[Supplied entries — start]
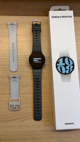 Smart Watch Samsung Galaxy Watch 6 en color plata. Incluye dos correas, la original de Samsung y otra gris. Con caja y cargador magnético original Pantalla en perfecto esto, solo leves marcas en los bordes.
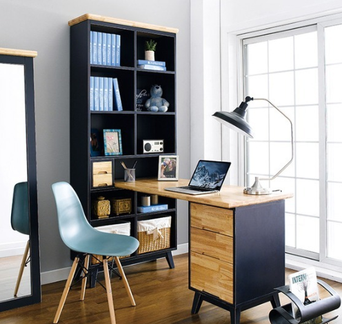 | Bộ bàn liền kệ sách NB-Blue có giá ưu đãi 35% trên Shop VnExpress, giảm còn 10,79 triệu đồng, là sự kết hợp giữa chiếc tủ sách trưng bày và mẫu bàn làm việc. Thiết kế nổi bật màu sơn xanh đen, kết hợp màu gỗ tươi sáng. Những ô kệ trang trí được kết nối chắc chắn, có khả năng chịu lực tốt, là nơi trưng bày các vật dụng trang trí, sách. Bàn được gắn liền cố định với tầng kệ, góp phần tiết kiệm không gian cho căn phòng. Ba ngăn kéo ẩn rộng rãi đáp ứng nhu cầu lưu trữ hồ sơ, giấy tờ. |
[Supplied entries — finish]
[Supplied entries — start]
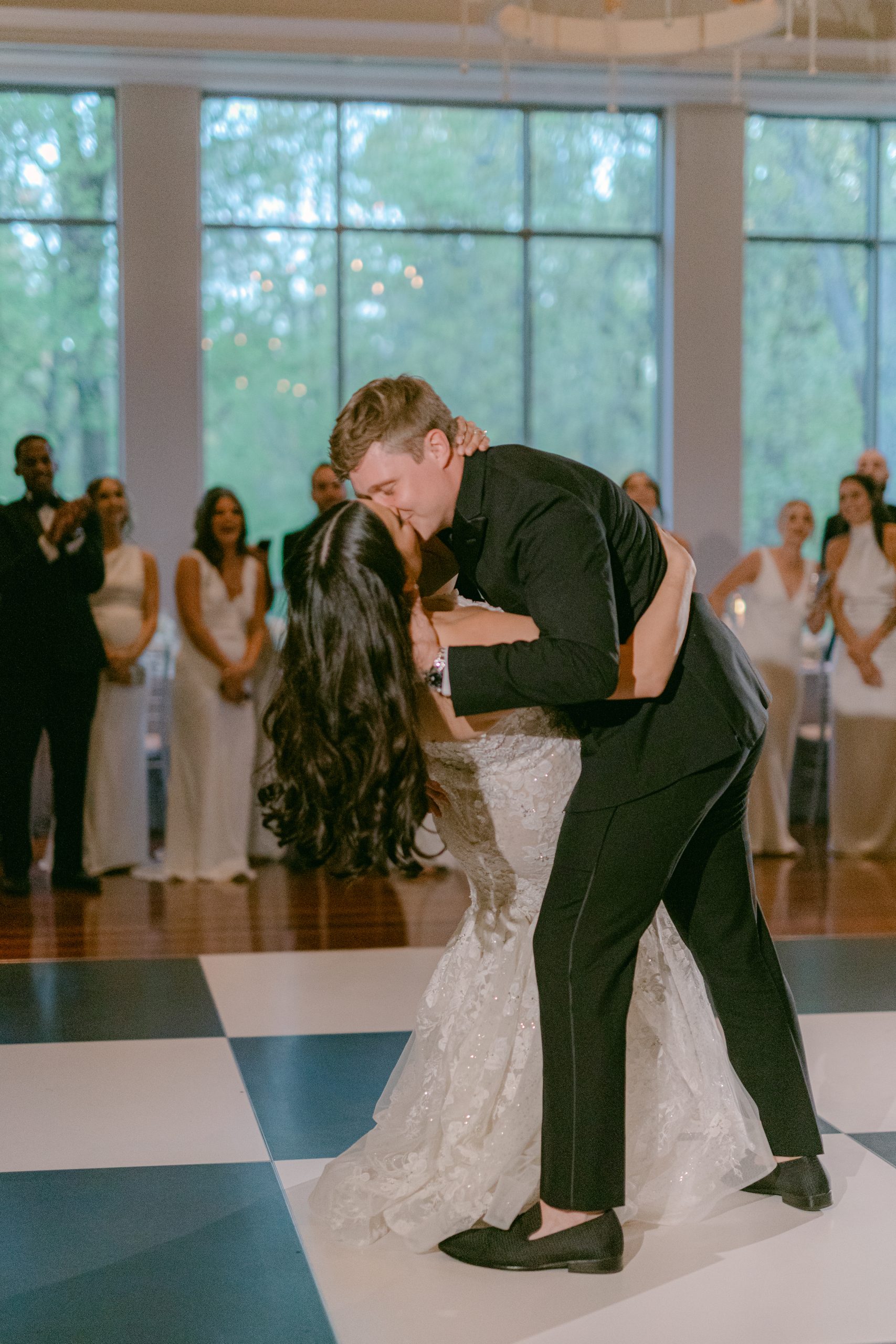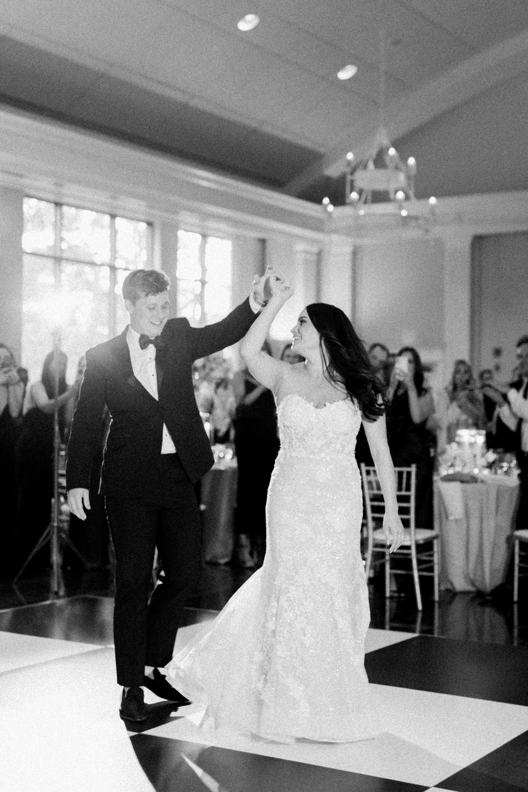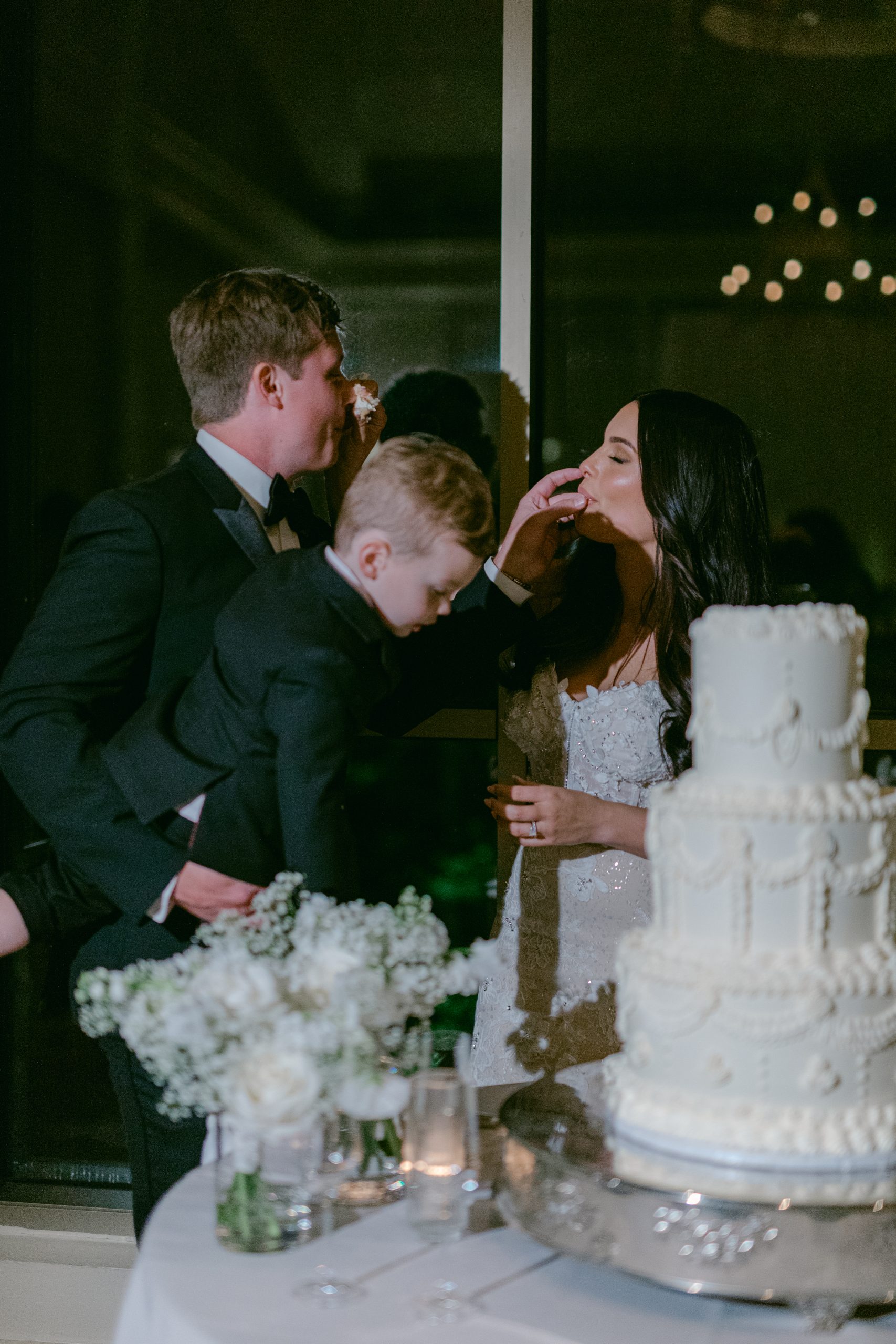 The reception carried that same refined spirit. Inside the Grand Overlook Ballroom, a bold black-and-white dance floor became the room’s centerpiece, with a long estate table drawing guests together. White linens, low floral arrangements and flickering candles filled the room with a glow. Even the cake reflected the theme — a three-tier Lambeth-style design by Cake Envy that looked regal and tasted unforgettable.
[Supplied entries — finish]
| Problem |
Now transcribe the lines above exactly, starting at the line containing "Smart Watch Samsung" and ending at the line containing "sơ, giấy tờ. |", both lines included, pictures excluded.

| Result |
 Smart Watch Samsung Galaxy Watch 6 en color plata. Incluye dos correas, la original de Samsung y otra gris. Con caja y cargador magnético original Pantalla en perfecto esto, solo leves marcas en los bordes.
 | Bộ bàn liền kệ sách NB-Blue có giá ưu đãi 35% trên Shop VnExpress, giảm còn 10,79 triệu đồng, là sự kết hợp giữa chiếc tủ sách trưng bày và mẫu bàn làm việc. Thiết kế nổi bật màu sơn xanh đen, kết hợp màu gỗ tươi sáng. Những ô kệ trang trí được kết nối chắc chắn, có khả năng chịu lực tốt, là nơi trưng bày các vật dụng trang trí, sách. Bàn được gắn liền cố định với tầng kệ, góp phần tiết kiệm không gian cho căn phòng. Ba ngăn kéo ẩn rộng rãi đáp ứng nhu cầu lưu trữ hồ sơ, giấy tờ. |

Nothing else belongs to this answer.